Exercise aim: Leaving out the pictures, retype the lines from the beginning of the listing through the line containing "O moderno relógio".

(Extracted records Opens)

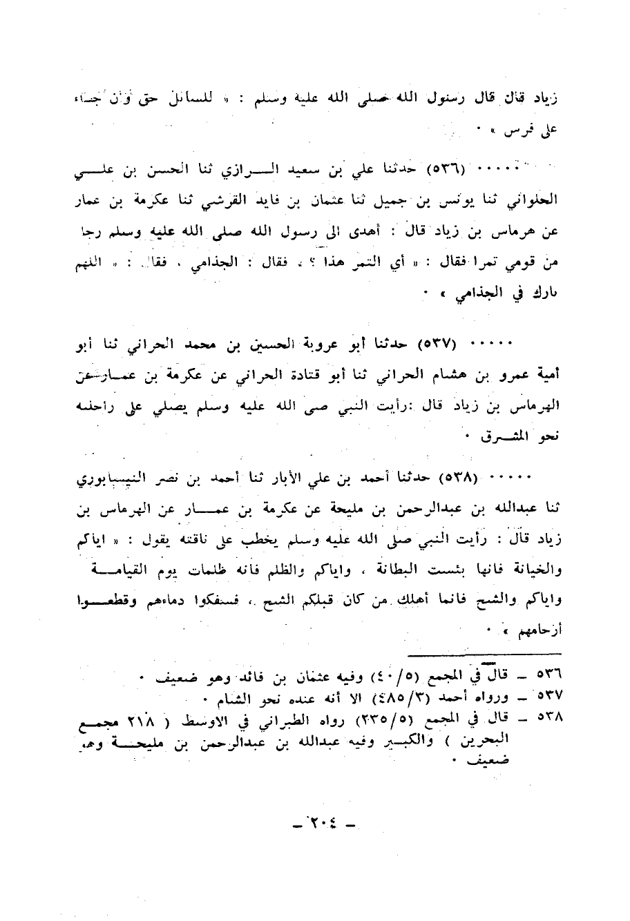 537 - حَدَّثَنَا أَبُو عَرُوبَةَ الْحُسَيْنُ بْنُ مُحَمَّدُ الْحَرَّانِيُّ، ثنا أَبُو أُمَيَّةَ عَمْرُو بْنُ هِشَامٍ الْحَرَّانِيُّ، ثنا أَبُو قَتَادَةَ الْحَرَّانِيُّ، عَنْ عِكْرِمَةَ بْنِ عَمَّارٍ، عَنِ الْهِرْمَاسِ بْنِ زِيَادٍ، قَالَ: «رَأَيْتُ النَّبِيَّ صَلَّى اللهُ عَلَيْهِ وَسَلَّمَ §يُصَلِّي عَلَى رَاحِلَتِهِ نَحْوَ الْمَشْرِقِ»
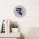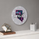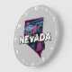 O moderno relógio da parede redonda apresenta a silhueta do estado de Nevada no estilo retrô com linha do horizonte icônica e o sinal de Las Vegas.
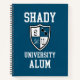 This Shady University Alum used their four years of matriculation to indulge in idle gossip and is practiced in the art of being subtle about disrespecting or criticising someone. Look at all those multi-syllable words, we Alums really did learn something and like to show off our alma mater school crest with pride on an ocean blue background. Alma mater crest with Shady University school initials shows sunglasses and gossip on the back and is personalised with the name of the proud graduate. Don't forget to choose your paper option: graph, lined, or bullet.
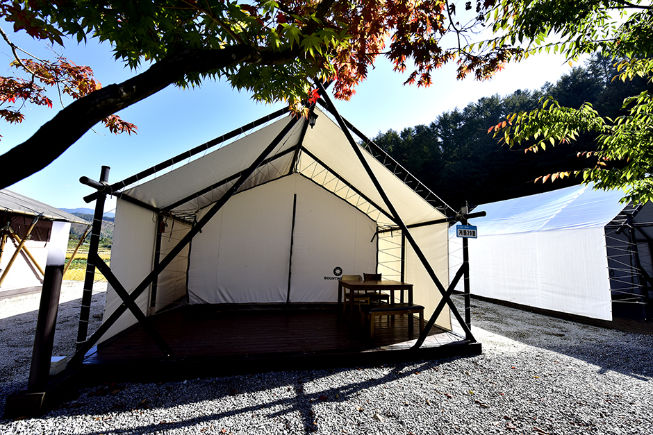 캠핑장은 사이트 30개 동이 넓은 지역에 분포해 있어, 답답함이 없고 캠핑장 맞은편에는 일반 캠핑이 가능한 사이트를 함께 운영 중이다. 캠핑장 앞에는 화악천이 흐르고 있어 여름철엔 물놀이체험이 가능하다. 특히 이곳 글램핑 텐트는 방수 6000mm 이상, 방염 미국 CPAI-84기준, UV 95% 차단율을 자랑하는 국내 최고 스펙이다. 사이트 간의 거리도 적당해서 개인생활 보호에 좋고, 캠핑과 글램핑 두 가지 방식의 사이트를 운영해 이용자의 선택을 돕고 있다.
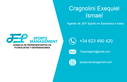 Exequiel Ismael Cragnolini, nacionalidad Argentina con más de 15 años ligado al deporte y marketing. Con experiencia, esfuerzo y dedicación para crecer junto a Jep Sports Management en países como México e Italia.
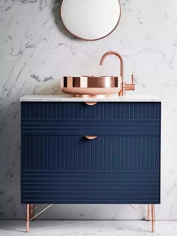 圆镜的边框采用了时下最流行的黄铜元素,与柜脚、台盆、五金相互呼应,轻轻松松打造轻奢感。
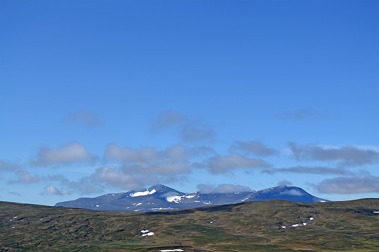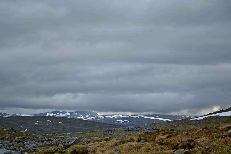På avstånd ser man hur vackert ensligt de ligger belägna, de små stugorna. Med utsikt mot Sylarna och Helags.
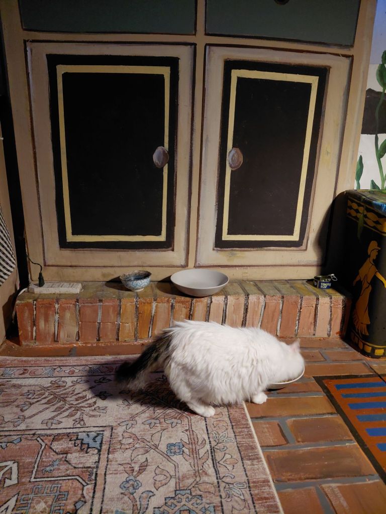 I painted over some of the gold pattern at the front and made some changes to the roses and leaves. And finally I changed the colours of the bowl.
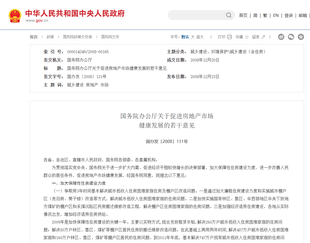 2008年12月20日国务院出台《关于促进房地产市场健康发展的若干意见》(国办发〔2008〕131号),要求加快建立以廉租住房为重点、包括经济适用住房在内的多渠道解决城市低收入家庭住房困难的政策体系。同时,针对大量的城市、工矿(含煤矿)、林区、垦区棚户区居民住房困难、居住环境差的问题,开始对各类棚户区实施改造;推动部分商品住房价格上涨较快的大中城市建设限价商品住房;从2010年开始,在大中城市建设公共租赁住房。
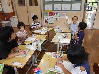 1年生が、夏休み中に各家庭で観察とお世話をしていた「あさがお」からとれた種を確認しながら、生活科の学習をしていました。たくさんとれていたようで、「こんなにとれたよ。」と見せてくれました。2年生は、生活科で1年生を招待して遊ぶための道具を考えていました。4~6年生は、リレーのバトンの練習でした。どの子もがんばっていました。
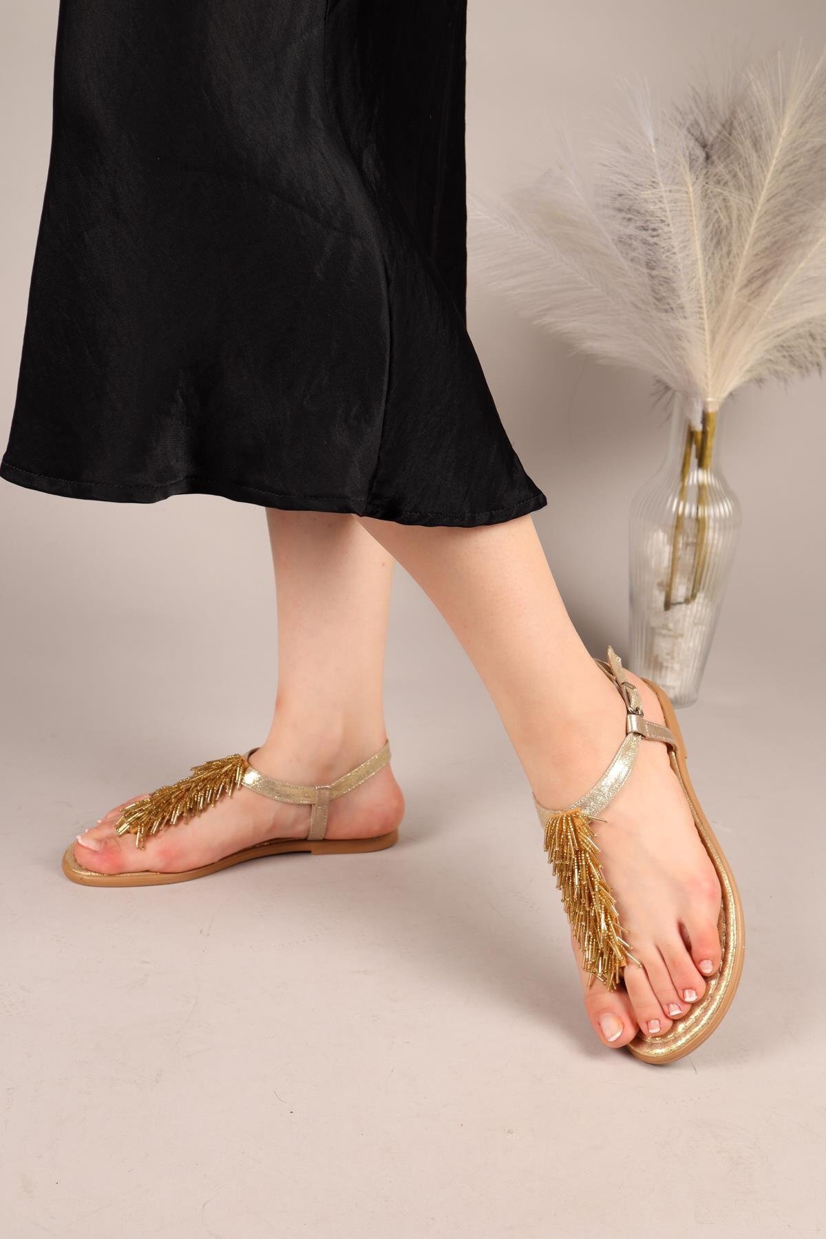 FLOPPY Sarkıt Boncuklu Parmak Arası Sandalet GOLD FLOPPY Sarkıt Boncuklu Parmak Arası Sandalet GOLD 5583 40
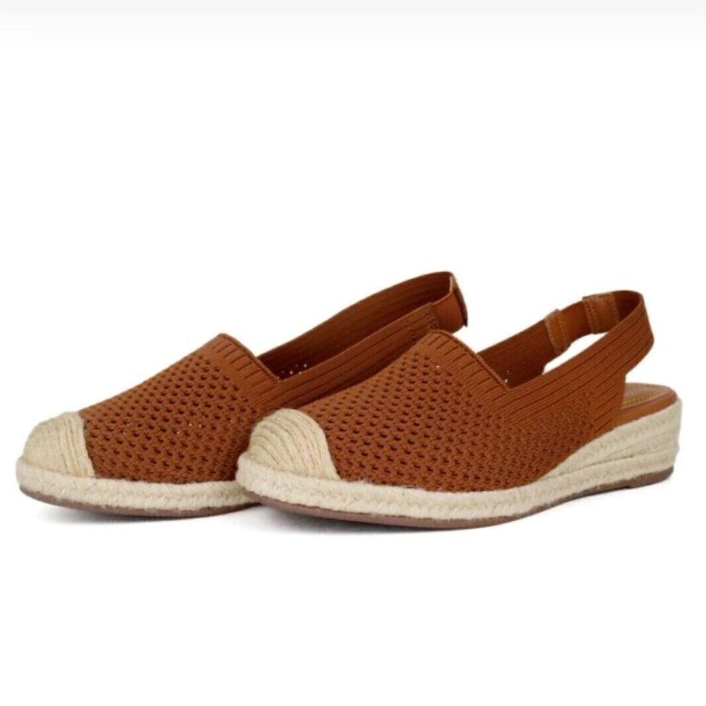 Sandália com cabedal em knit,elástico ajustável na lateral interna,acabamento em juta natural,palmilha acolchoada e revestida em couro macio,salto anabela com acabamento em corda,solado antiderrapante.
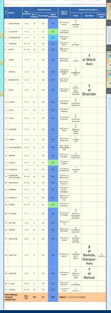 पिछले 24 घंटे की बात करें तो श्योपुर जिले में 24 घंटे में 12 इंच से ज्यादा की बारिश हुई है।इसके बाद गुना और दतिया में 4-4 इंच के साथ होशंगाबाद, बुरहानपुर और ग्वालियर में 2 से लेकर 3 इंच तक बारिश हुई है। वही अचानक हुई इस भारी बारिश से श्योपुर, गुना, रायसेन, बैतूल दतिया, विदिशा में फसलों को भारी नुकसान पहुंचा है।भोपाल में ट्रैफिक जाम तो बुरहानपुर में बहादरपुर रोड पर नाले का पानी आने से मध्यप्रदेश-महाराष्ट्र से संपर्क टूट गया।हालांकि बुंदेलखंड और महाकौशल और विंध्य के इलाकों में कम बारिश हुई।
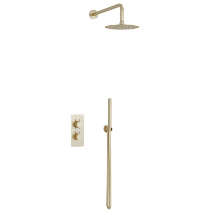 Imex Ceramics (Previously Pura Bathrooms) Ravine Dual Diverter Concealed Thermostatic Valve with 200mm Fixed Head, Pencil Handset & Smooth Hose in Brushed Brass (RAVCVPK005BB)
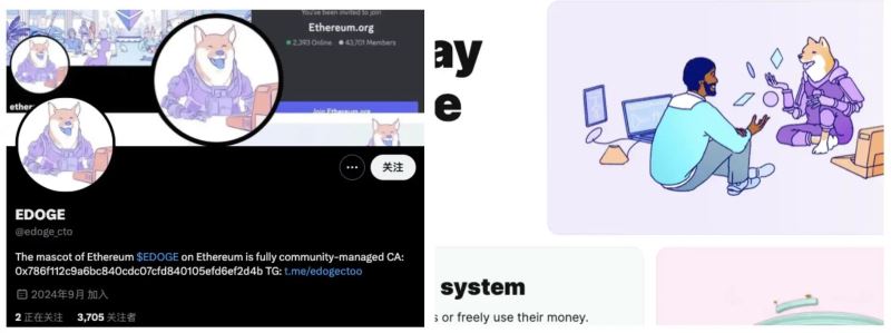 $EDOGE 概念来自以太坊官网(ethereum.org)上的一只宇航员狗狗,它在网站的各个页面中经常出现,因此被社区视为以太坊「官方网站的吉祥物」。但 @0x Bit 90536646 在推特上表示,$EDOGE **在代码层面留有卖出数量限制、**交易额和**持仓可改、交易税可改、可以设置白名单和黑名单等诸多后门。
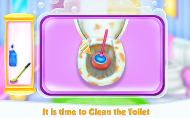 First, you have to make sure you eliminate that stinky garbage that is spread all over the bathroom. Use the tools you have and try to make each task in the way it should be done. There are another cleaning activities on there and to be able to reach the decoration part you must go through all of them. Clean the bath tube the sink and the toilet because there is where the most bacteria is gathered.
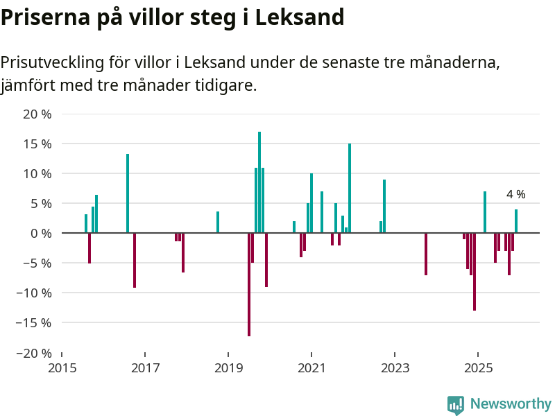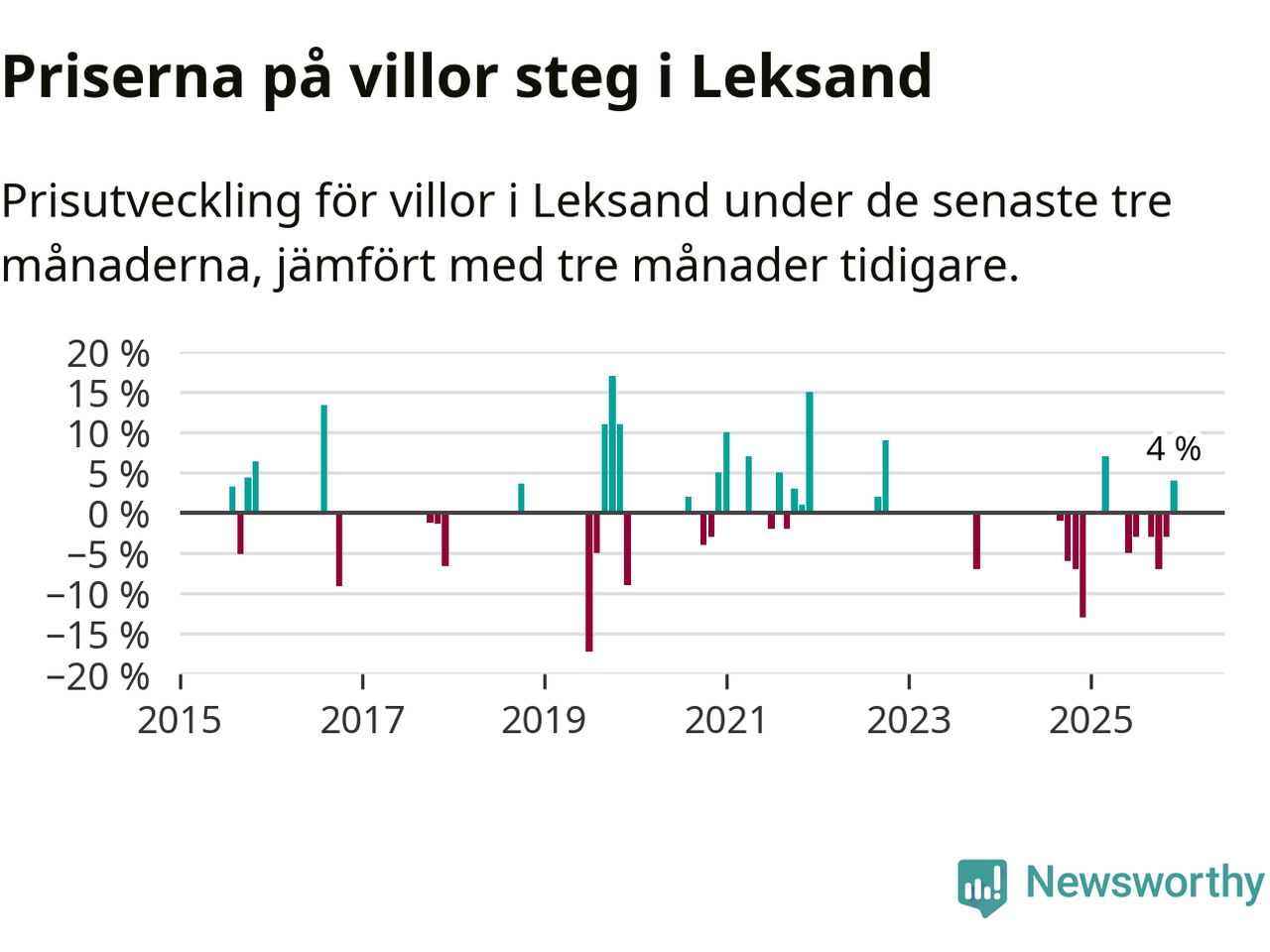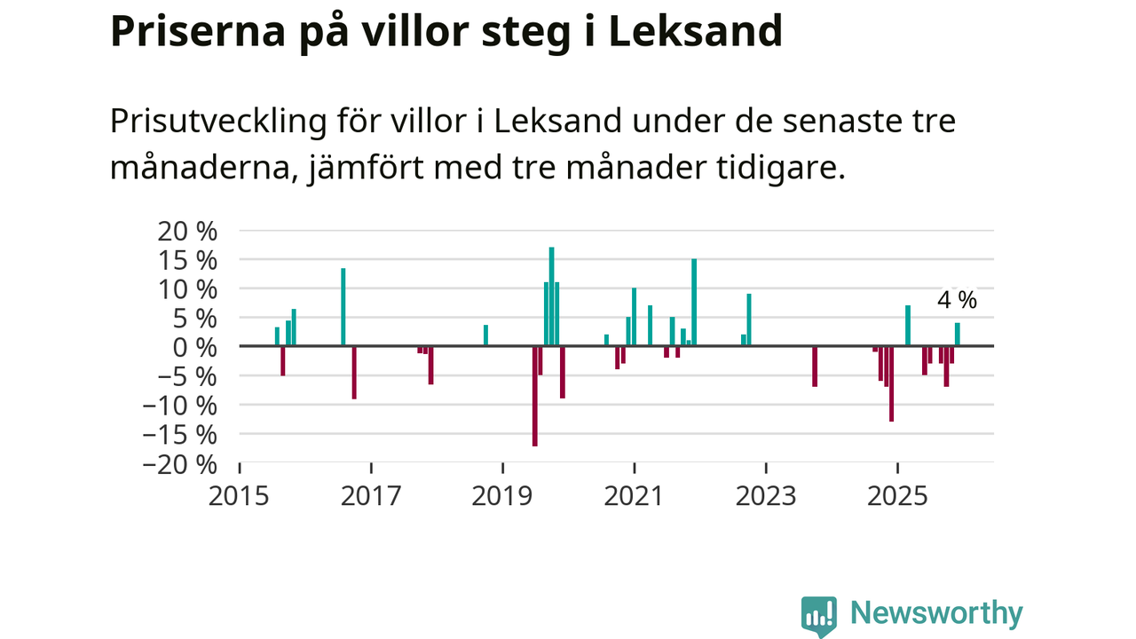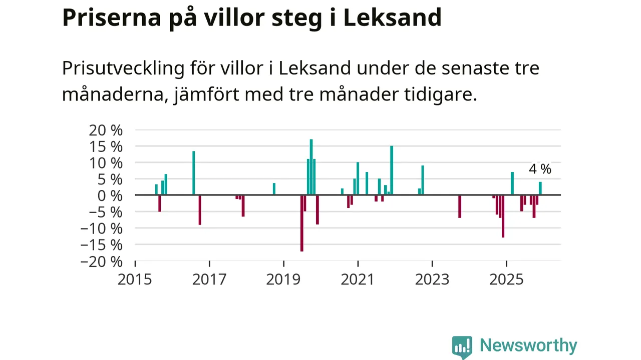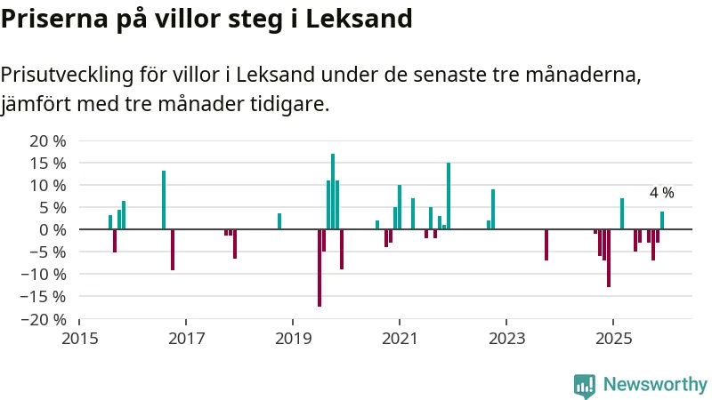 Statistiken visar även på en kännbar prisuppgång i Leksands kommun. Medelpriset på försäljningarna av villor i kommunen var 4 procent högre än för tre månader sedan. I hela Dalarna däremot sjunker villapriserna. I hela länet noterades en prisnedgång på 3 procent.

(Extracted records Closes)

Result of this task:
 537 - حَدَّثَنَا أَبُو عَرُوبَةَ الْحُسَيْنُ بْنُ مُحَمَّدُ الْحَرَّانِيُّ، ثنا أَبُو أُمَيَّةَ عَمْرُو بْنُ هِشَامٍ الْحَرَّانِيُّ، ثنا أَبُو قَتَادَةَ الْحَرَّانِيُّ، عَنْ عِكْرِمَةَ بْنِ عَمَّارٍ، عَنِ الْهِرْمَاسِ بْنِ زِيَادٍ، قَالَ: «رَأَيْتُ النَّبِيَّ صَلَّى اللهُ عَلَيْهِ وَسَلَّمَ §يُصَلِّي عَلَى رَاحِلَتِهِ نَحْوَ الْمَشْرِقِ»
 O moderno relógio da parede redonda apresenta a silhueta do estado de Nevada no estilo retrô com linha do horizonte icônica e o sinal de Las Vegas.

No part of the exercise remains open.